Der Unterschied zur SPD und zu den Grünen besteht nur noch darin, daß diese mit dem Argument, starke Schultern müßten mehr tragen als schwache, an die hohen Einkommen und großen Vermögen stärker heranwollen als die Union. Die SPD propagiert eine Wiederbelebung der Vermögensteuer, die Grünen wollen für zehn Jahre eine Vermögensabgabe erheben, die 100 Milliarden Euro erbringen soll. Für oder gegen Steuererhöhungen: Das ist nach Ansicht von Merkel die „Richtungsentscheidung“ für Deutschland. In den anderen Fragen, ob Kindertagesstätten, Euro-Rettung, Bildungspolitik oder Energiewende, ist man sich ohnehin einig oder nur in Nuancen auseinander.
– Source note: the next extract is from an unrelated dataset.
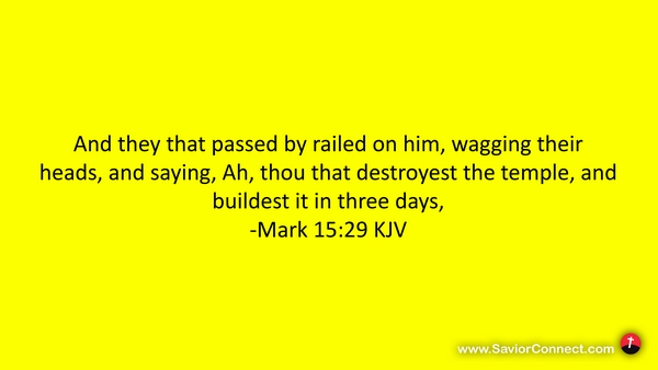 And they that passed by railed on him, wagging their heads, and saying, Ah, thou that destroyest the temple, and buildest it in three days, -Mark 15:29 KJV

Die allseits erhobenen Forderungen zur Rettung der Infrastruktur lassen Beobachter staunen: Dieselben Politiker, die jahrelang Straßen, Bahnstrecken und Wasserstraßen verfallen ließen, erklären nun deren Sanierung zum Handlungsauftrag.

Daß Steinbrück ausgerechnet nach Bodenwerder blickt, hat einen zweiten Grund: Im Gemeinderat regieren seine Sozialdemokraten mit absoluter Mehrheit. Auf Bundesebene dürften die Genossen schon froh sein, wenn sie nicht von den Grünen überholt werden.